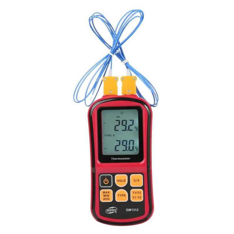 ترمومتر | دماسنج تماسی ارزان قیمت بنتک مدل BENETECH GM1312 یک ترمومتر تماسی پرتابل و ارزان قیمت با دقت 0.1% و ثبات 0.1 درجه سانتیگراد از برند بنتک چین میباشد. از ویژگیهای مهم این ترمومتر تماسی ارزان قیمت میتوان به اندازه گیری بازه گسترده دمایی با اتصال پراب های مختلف از -210 تا 1767 درجه سانتیگراد با وضوح 0.1 یکدهم و ضریب تبدیل دمایی از سانتیگراد به فارنهایت ، درجه نمایشگر چراغدار اشاره کرد. ویژگی مهم میتوان به پشتیبانی انواع پراب های اندازه گیری دما از جمله تیپ های J,K,T,E,N,S اشاره کرد.
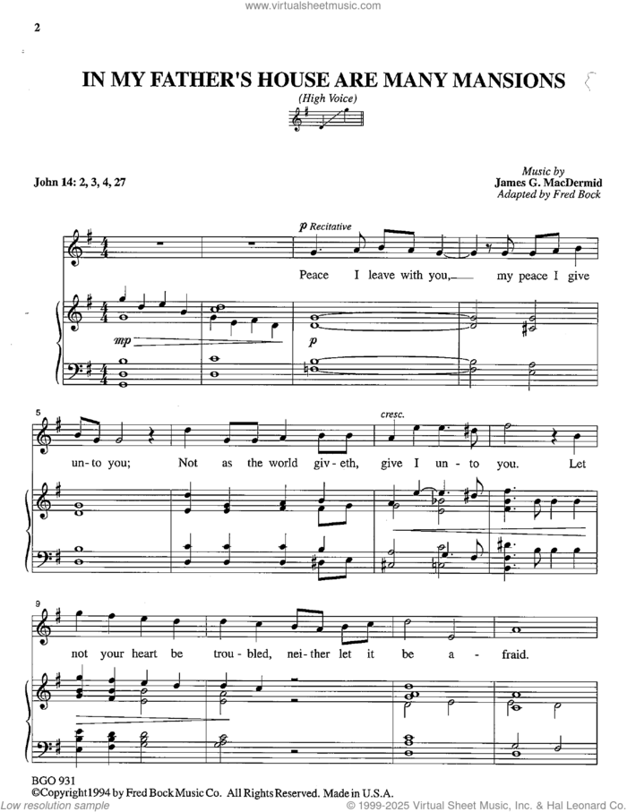 This new feature (still experimental) allows you to ask questions related to this music title to our AI music assistant (powered by OpenAI ChatGPT), trained to answer as an expert on this music title.You may ask questions like "When was this song written?" or "How would you suggest approaching this song?" You can also ask questions about the author or anything else you may think of. Just enter your queries inside the field on the top of the displayed music and click the "Ask" button on the left to start chatting. Remember that the assistant cannot perform catalog searches. It is focused only on this music title. It could also give you wrong or imperfect answers. In that case, click the "regenerate" button on the side of the answer to replace it with a new one. And, of course, you can provide feedback for each answer so we can improve the system. ![]() Fred Bock: In My Father's House Are Many Mansions for voice and piano, intermediate voice sheet music. Includes an High-Quality PDF file to download instantly. Licensed to Virtual Sheet Music® by Hal Leonard® publishing company. NOTE: The image above is just a preview of the first page of this item. Buy this item to display, print, and enjoy the complete music. Basic Score Info
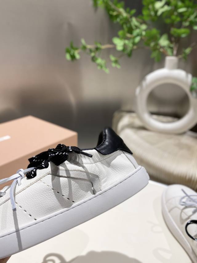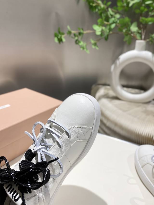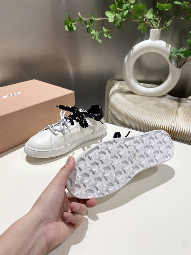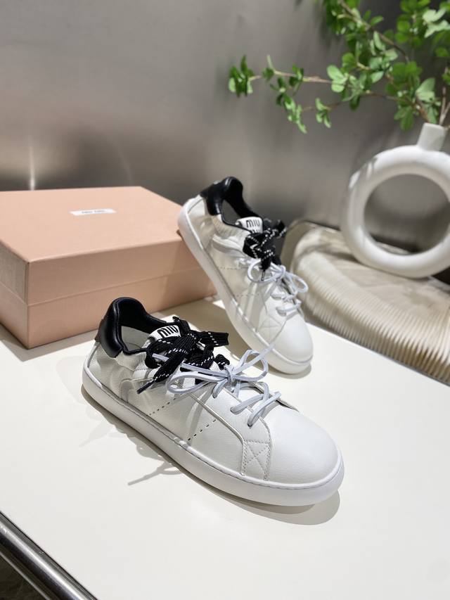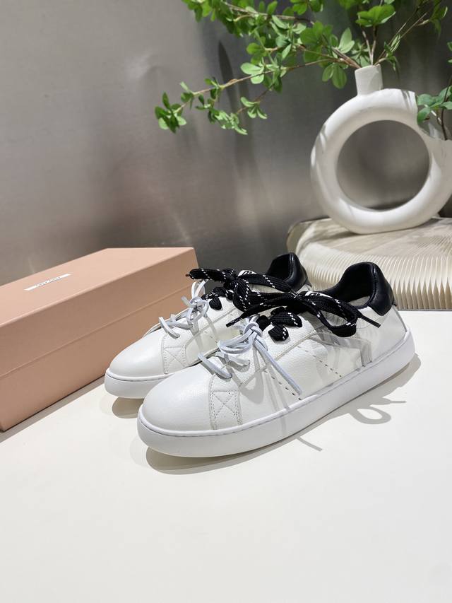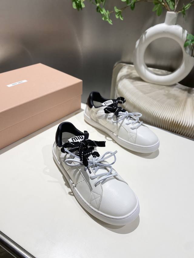 出厂 缪缪2025春夏新款 休闲小白鞋上新,官网主推款 简约的格板设计 级具辨识度的鞋舌 上脚阳光 青春,随意搭配 长裙 短裙 短裤 休闲系列都能穿出与众不同的
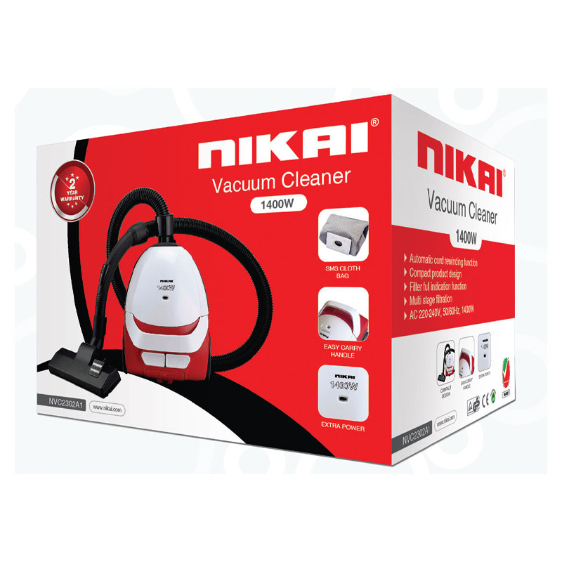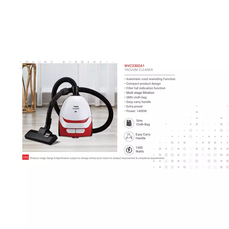 Nikai Vacuum Cleaner 1.2l Carry Handle with Cloth Bag 1400w NVC2302A1 Multi Stage Filtration Rewinding Function Filter Full Indication Function Easy Carry Handle
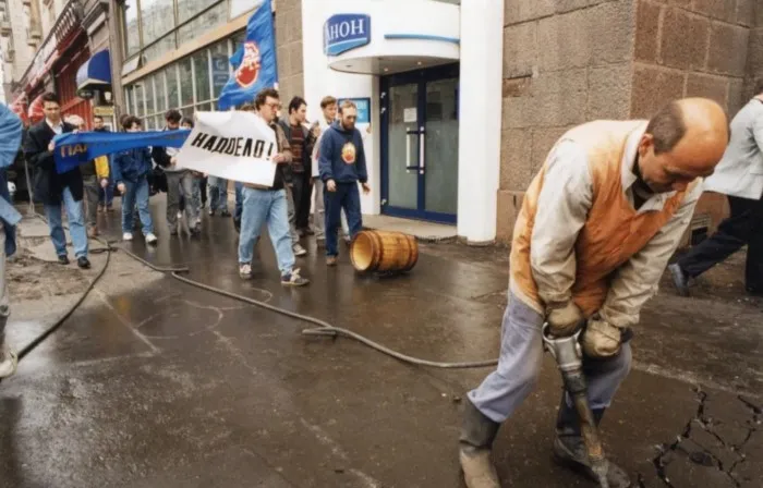 Водители такси, перекрывшие движение в центре Перми с требованием от городских властей обеспечения их безопасности, снижения плана, своевременных поставок запчастей. Поводом послужило ограбление и убийство их товарища-таксиста. 1992 год.
════════════════
What you need to do:
Start with the line with "出厂 缪缪2025春夏新款 休闲小白鞋上新,官网主推款" in the listing above and stop after the line with "Nikai Vacuum Cleaner". Write out exactly the lines in that stretch and no others, without pictures.

Task output:
 出厂 缪缪2025春夏新款 休闲小白鞋上新,官网主推款 简约的格板设计 级具辨识度的鞋舌 上脚阳光 青春,随意搭配 长裙 短裙 短裤 休闲系列都能穿出与众不同的
 Nikai Vacuum Cleaner 1.2l Carry Handle with Cloth Bag 1400w NVC2302A1 Multi Stage Filtration Rewinding Function Filter Full Indication Function Easy Carry Handle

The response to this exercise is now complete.